Эрнст открыл глаза. Я еще раз внимательно посмотрел на него. Глаза были выпуклые, карие... и живые. Да, и тут не придумаешь ничего другого и не скажешь иначе, пусть банально, но все другое будет неправдой. У этого неподвижного человека со скрещенными на простыне руками все было нарушено, изломано, исковеркано болезнью. Она переехала его, как танк, втоптала в землю, в простыни, в кровать, в неподвижность. Только ясный мозг не задело ничто, и он излучал свое свечение, работал с неистребимой силой, с горькой остротой, со сверхнагрузками, с полным и удивительным ощущением своей несоразмерной телу силы, мобильности, отточенности, с недоверчивым, но уже привычным ощущением своего бессилия.

И глаза были карие, выпуклые, страждущие, иронические и такие живые.



2

Сейчас я поделюсь наблюдением, возникшим в первый день и укрепившимся во все дальнейшее время нашего знакомства. Это о том, как разговаривает Эрнст. Говорил он с паузами. То прилив, то отлив. То возбуждение, острый, почти физически мною ощутимый, как при гипнозе, контакт с мгновенной реакцией не только на мою фразу, но, кажется, на самое ее зарождение, на мысль, которую она вот-вот должна оформить. Правда, я не преувеличиваю... Локатор какой-то был в этом человеке... Пульсация тока, нервного излучения становилась столь явственной – возможно, оттого, что нервы были обнаженными проводами.

Но наступали вдруг глухие паузы. Спады. Все обрывалось на полуслове, он уходил, угасал... Паузы эти были разные. То просто усталость, и тогда он лежал тихо, покойно, с прикрытыми веками, как бы остудив, заморозив на мгновение слово и мысль, перегорающую от переизбытка, от непосильного напряжения. То, вспомнив о чем-то или ощутив вдруг бездну, о которой я мог лишь догадываться, он замыкался холодно, безучастно, иногда, как мне казалось, враждебно. И почти всегда в эти минуты, после очередного спада, он начинал говорить вяло, с огромным усилием, глаза его не сразу обретали блеск, живость. Казалось, шла внутренняя борьба, что-то болезненно и сокрушительно сталкивалось в нем, какой-то мускул характера напрягался и сжимал ядрышко раздражения, сжимал и раздавливал, как щипцы орех; ядрышко, а может быть, маленькая опухоль не определяла его настроение, он умел подавить, загнать это внутрь, а отчего это проявлялось, порой было так понятно, так удивительно понятно.

И были еще другого рода паузы, когда он неразборчиво бормотал что-то, как бы слегка, вполголоса напевая...

Я поначалу пугался.
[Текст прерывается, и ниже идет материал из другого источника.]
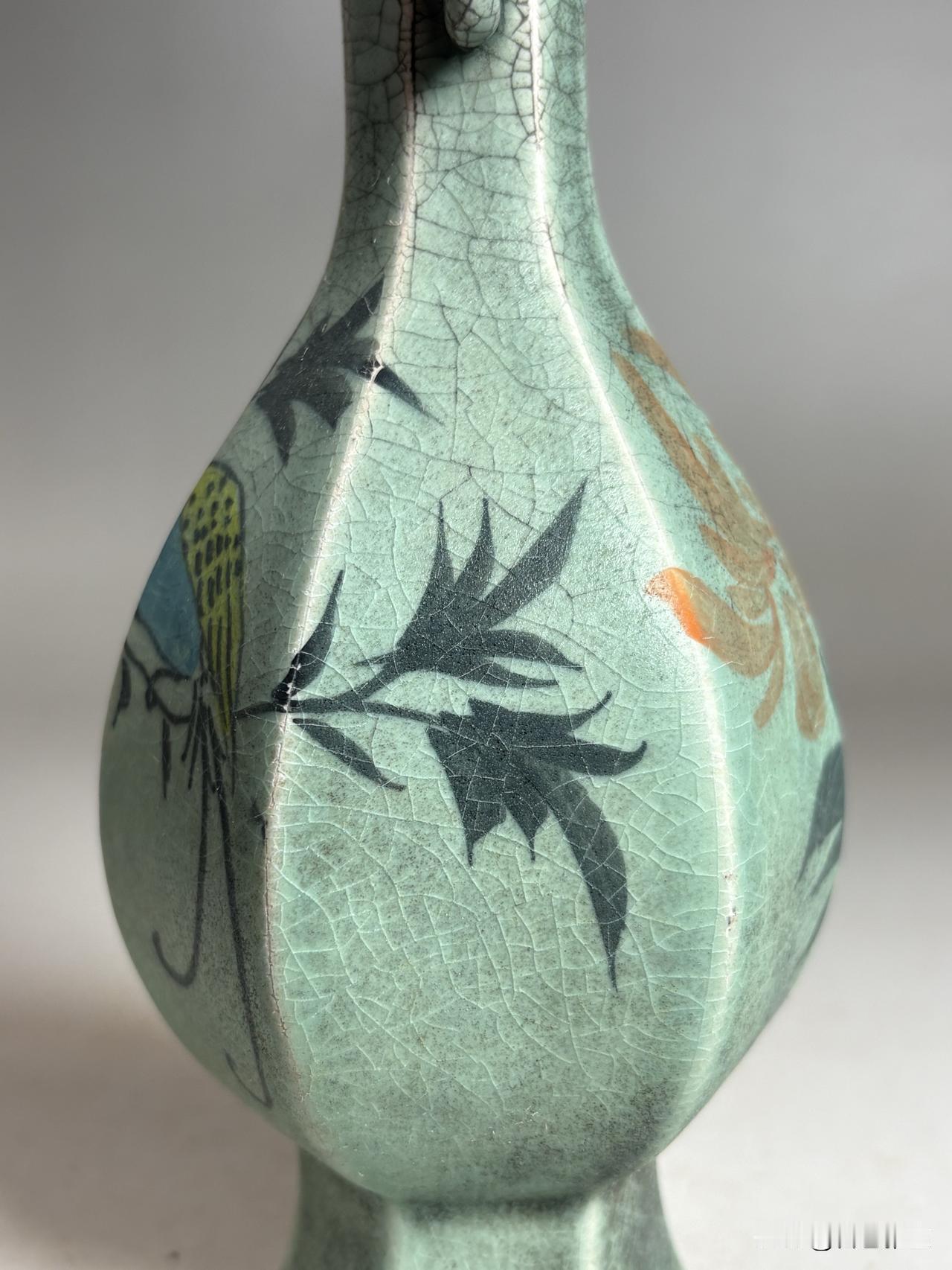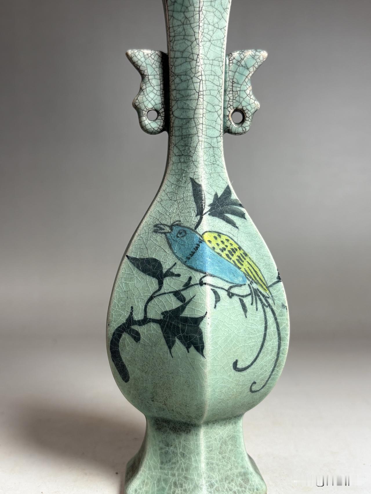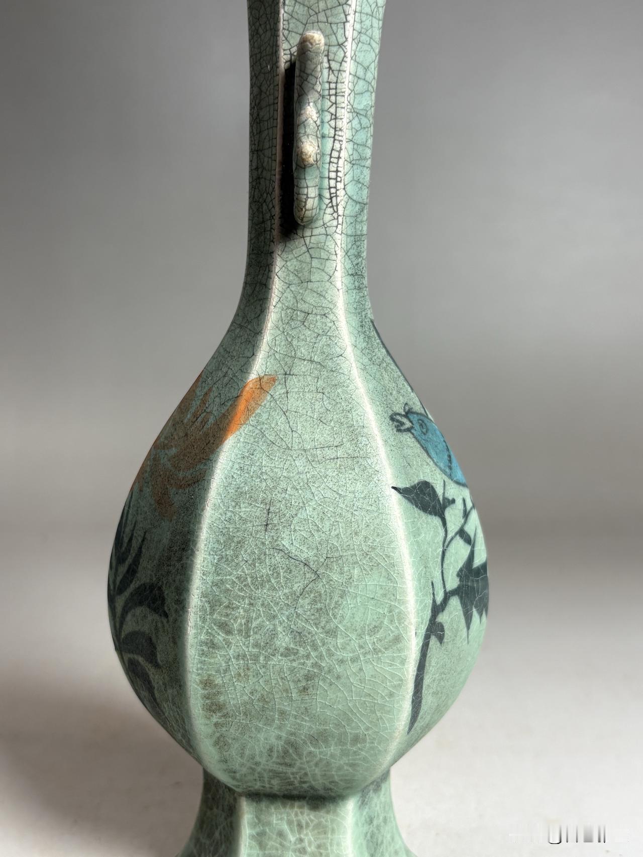此瓶以青釉为底,满布细密冰裂纹,如岁月织就的锦缎,每一道开片都是时光的吻痕。颈部塑出灵动双耳,既添造型之巧,又显工艺之精。瓶身以彩料绘就花鸟:橙黄菊瓣舒展,墨色枝叶劲挺,更有蓝羽灵禽栖于枝头,顾盼生姿,生机盎然。六面纹饰各异,或写花之盛放,或绘鸟之悠然,笔意洒脱,意趣天成。
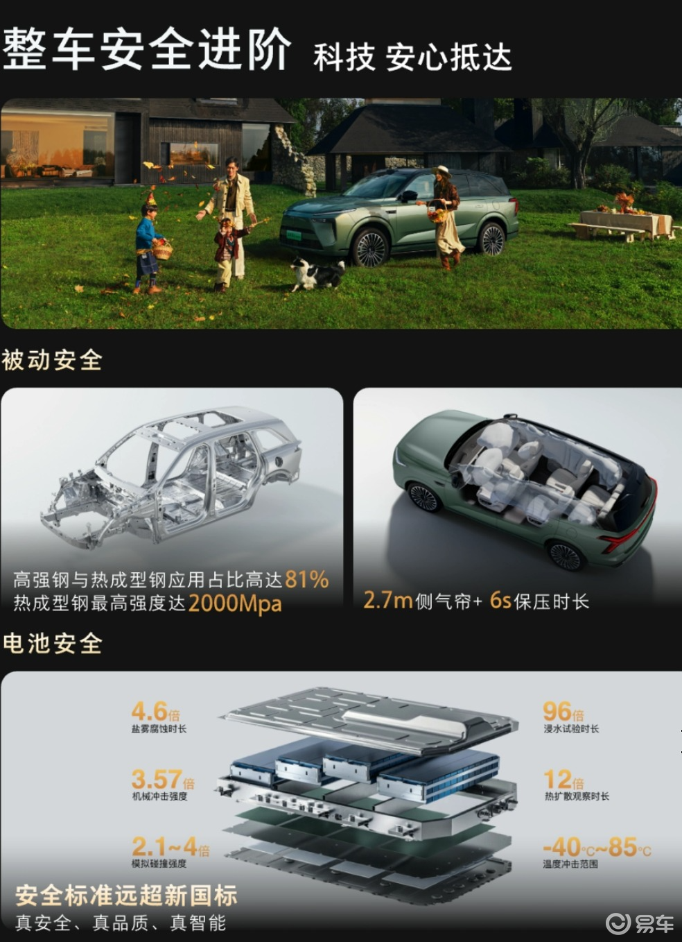 新车延续长城汽车“过度投入”传统,构筑全维安全体系:车身81%采用高强钢与热成型钢,关键部位强度达2000兆帕;电池安全测试远超国标,模拟碰撞加速度、盐雾腐蚀测试时长等多项指标均大幅优于国标要求;超30项智能辅助功能加持,AEB自动紧急制动功能已标配,明年第二季度还将推送AES自动紧急避让系统和RAEB;座舱采用CIAA认证抗菌皮革、生态肤感NAPPA真皮,实现VOC婴⼉级空气质量控制。

Мне порой чудилась какая-то психическая аномалия. Только потом я понял, что просто он бормотал строчку из стихов или напевал вдруг один ритм какой-то вспомнившейся ему мелодии. И если стихи он читал почти шепотом, неразборчиво, неясно, то такт мелодии он воспроизводил с удивительной музыкальностью и точностью. Так однажды из этой голосовой невнятицы, похожей на шорох настраиваемого приемника, прозвучали несколько тактов из фильма «Восемь с половиной».
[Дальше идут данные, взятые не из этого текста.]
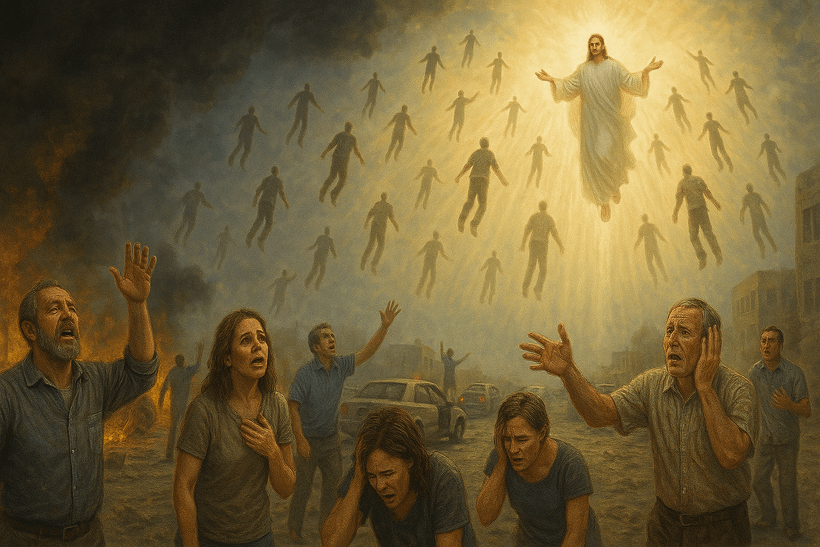 Pierwsza nowela z wymienionej serii Tim’a LaHaye, mająca tytuł Left Behind: A Novel of the Earth’s Last Days (wydana w języku polskim pod niezwykle mylącym tytułem Dzień zagłady), zaczyna się od nieoczekiwanego zniknięcia milionów ludzi na całej ziemi, przy czym wszystkich dzieci. [2]
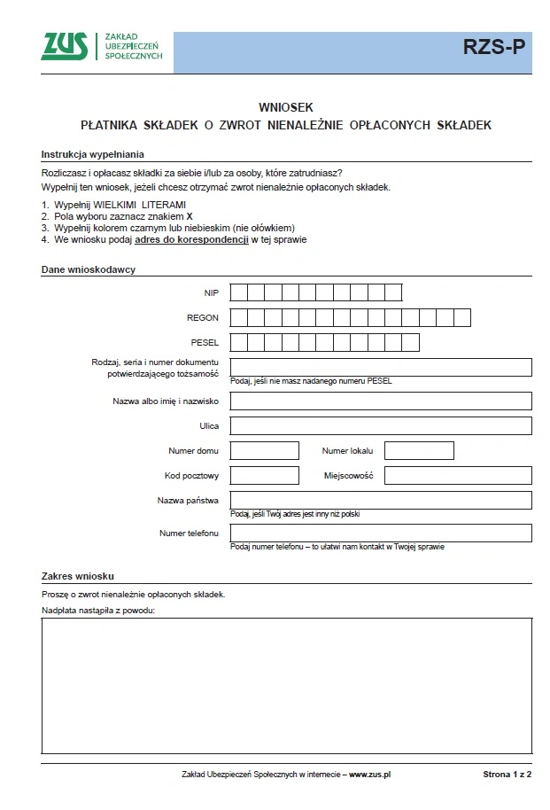 Wniosek o zwrot składek ZUS za marzec
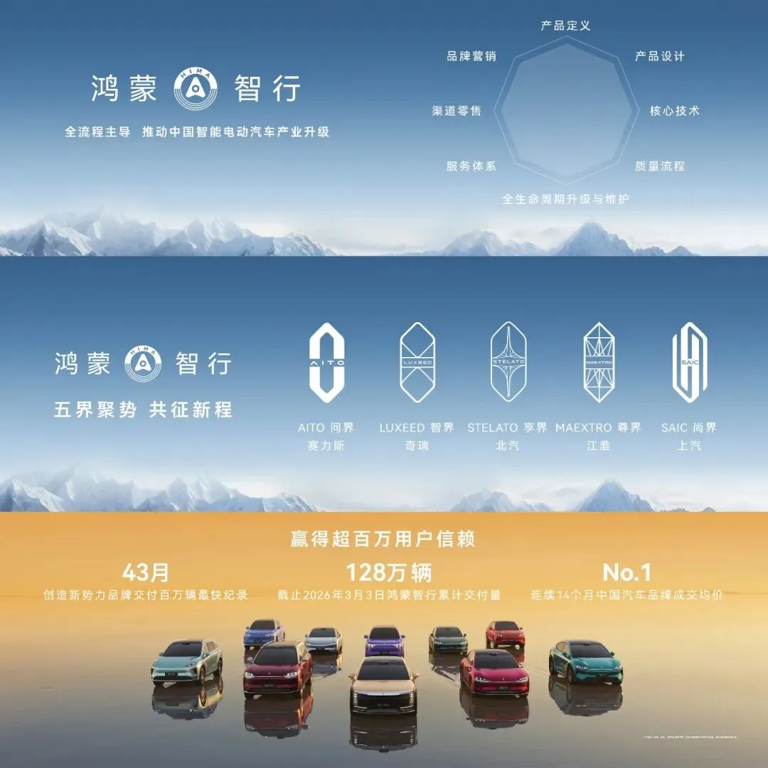 当传统豪华品牌还在为销量下滑焦虑时,鸿蒙智行用一组硬核数据刷新了中国高端智能汽车的天花板。2026年3月4日鸿蒙智行发布会上,累计交付128万辆、43个月破百万刷新新势力纪录、连续14个月中国汽车品牌成交均价第一、平均成交价39万元,一连串数字不仅印证了其市场认可度,更宣告中国品牌在高端汽车市场,正式实现从跟跑到领跑的历史性跨越。

Заметив удивление на моем лице, он сказал:

– Фильма я, конечно, не видел, а музыку передавали однажды по радио, и я запомнил ее. Вообще во всех фильмах Феллини одна и та же мелодия, с некоторыми вариациями. Так вот я ее запомнил и положил на нее слова из стихов. Догадайтесь – из каких?

– Не знаю. Стихов много.

Он откинул голову и, просияв глазами, прочитал:

– «Жизнь моя? иль ты приснилась мне?» Помните?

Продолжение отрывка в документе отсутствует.